→ **WORK TO COMPLETE**: All records are to be transcribed in full; any pictures among them are to be skipped.

[Collected data entries]
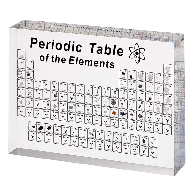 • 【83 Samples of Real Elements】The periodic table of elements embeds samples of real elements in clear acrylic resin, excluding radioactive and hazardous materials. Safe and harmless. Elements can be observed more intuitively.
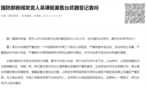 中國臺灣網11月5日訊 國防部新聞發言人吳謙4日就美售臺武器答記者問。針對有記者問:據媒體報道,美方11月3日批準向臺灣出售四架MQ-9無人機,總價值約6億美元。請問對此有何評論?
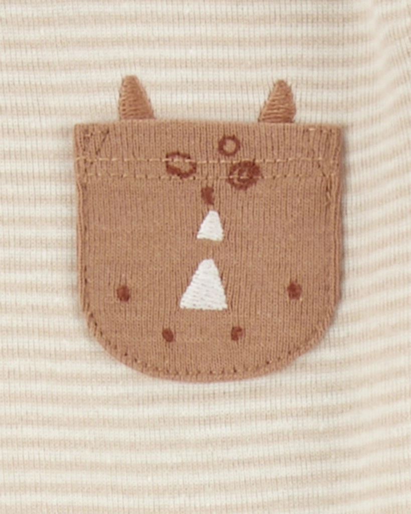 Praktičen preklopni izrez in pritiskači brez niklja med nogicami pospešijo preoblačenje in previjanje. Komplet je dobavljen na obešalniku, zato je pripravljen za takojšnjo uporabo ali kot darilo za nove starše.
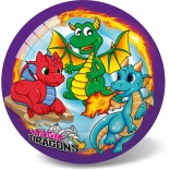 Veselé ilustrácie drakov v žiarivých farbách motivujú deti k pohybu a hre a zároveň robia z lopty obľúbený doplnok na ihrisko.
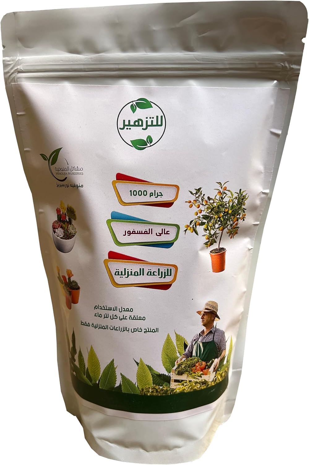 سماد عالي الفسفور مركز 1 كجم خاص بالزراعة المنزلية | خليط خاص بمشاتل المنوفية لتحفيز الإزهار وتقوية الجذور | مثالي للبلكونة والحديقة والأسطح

→ **EXERCISE ANSWER**:
 • 【83 Samples of Real Elements】The periodic table of elements embeds samples of real elements in clear acrylic resin, excluding radioactive and hazardous materials. Safe and harmless. Elements can be observed more intuitively.
 中國臺灣網11月5日訊 國防部新聞發言人吳謙4日就美售臺武器答記者問。針對有記者問:據媒體報道,美方11月3日批準向臺灣出售四架MQ-9無人機,總價值約6億美元。請問對此有何評論?
 Praktičen preklopni izrez in pritiskači brez niklja med nogicami pospešijo preoblačenje in previjanje. Komplet je dobavljen na obešalniku, zato je pripravljen za takojšnjo uporabo ali kot darilo za nove starše.
 Veselé ilustrácie drakov v žiarivých farbách motivujú deti k pohybu a hre a zároveň robia z lopty obľúbený doplnok na ihrisko.
 سماد عالي الفسفور مركز 1 كجم خاص بالزراعة المنزلية | خليط خاص بمشاتل المنوفية لتحفيز الإزهار وتقوية الجذور | مثالي للبلكونة والحديقة والأسطح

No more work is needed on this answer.